One or more embodiments of the invention also relate to a device or an apparatus for performing these operations. The apparatus may be specially constructed for required purposes, or the apparatus may be a general-purpose computer selectively activated or configured by a computer program stored in the computer. Various general-purpose machines may be used with computer programs written in accordance with the teachings herein, or it may be more convenient to construct a more specialized apparatus to perform the required operations. The embodiments described herein may also be practiced with computer system configurations including hand-held devices, microprocessor systems, microprocessor-based or programmable consumer electronics, minicomputers, mainframe computers, etc.
One or more embodiments of the present invention may be implemented as one or more computer programs or as one or more computer program modules embodied in computer-readable media. The term computer-readable medium refers to any data storage device that can store data that can thereafter be input into a computer system. Computer-readable media may be based on any existing or subsequently developed technology that embodies computer programs in a manner that enables a computer to read the programs. Examples of computer-readable media are hard disk drives (HDDs), SSDs, network-attached storage (NAS) systems, read-only memory (ROM), RAM, compact disks (CDs), digital versatile disks (DVDs), magnetic tapes, and other optical and non-optical data storage devices. A computer-readable medium can also be distributed over a network-coupled computer system so that computer-readable code is stored and executed in a distributed fashion.

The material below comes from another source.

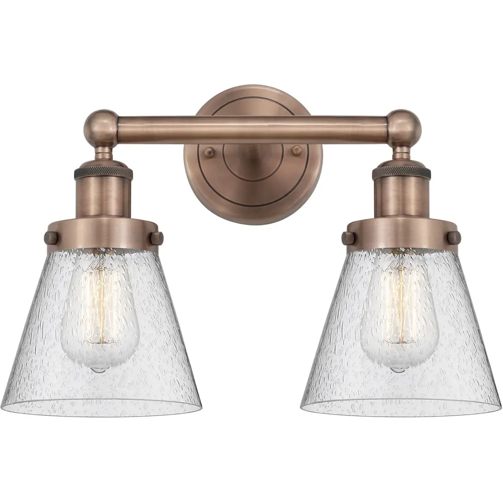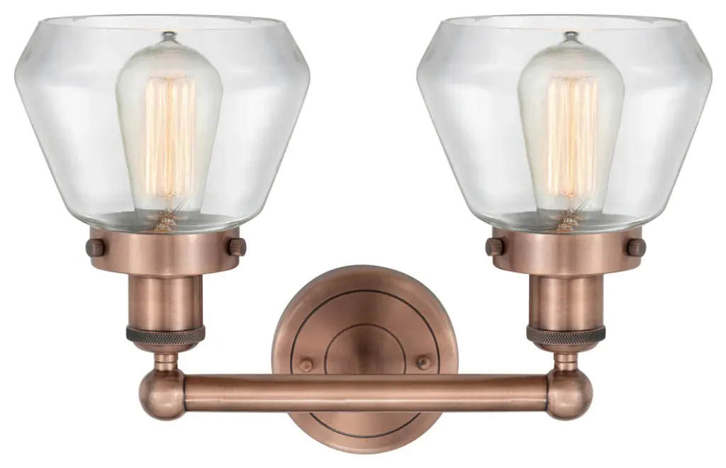 Edison Fulton 2-Light 16" Bath Vanity Light, Antique Copper Finish, Clear Shade

Although one or more embodiments of the present invention have been described in some detail for clarity of understanding, certain changes may be made within the scope of the claims. Accordingly, the described embodiments are to be considered as illustrative and not restrictive, and the scope of the claims is not to be limited to details given herein but may be modified within the scope and equivalents of the claims. In the claims, elements and steps do not imply any particular order of operation unless explicitly stated in the claims.
Virtualized systems in accordance with the various embodiments may be implemented as hosted embodiments, non-hosted embodiments, or as embodiments that blur distinctions between the two. Furthermore, various virtualization operations may be wholly or partially implemented in hardware. For example, a hardware implementation may employ a look-up table for modification of storage access requests to secure non-disk data. Many variations, additions, and improvements are possible, regardless of the degree of virtualization. The virtualization software can therefore include components of a host server, console, or guest operating system (OS) that perform virtualization functions.
Boundaries between components, operations, and data stores are somewhat arbitrary, and particular operations are illustrated in the context of specific illustrative configurations. Other allocations of functionality are envisioned and may fall within the scope of the invention. In general, structures and functionalities presented as separate components in exemplary configurations may be implemented as a combined component. Similarly, structures and functionalities presented as a single component may be implemented as separate components. These and other variations, additions, and improvements may fall within the scope of the appended claims.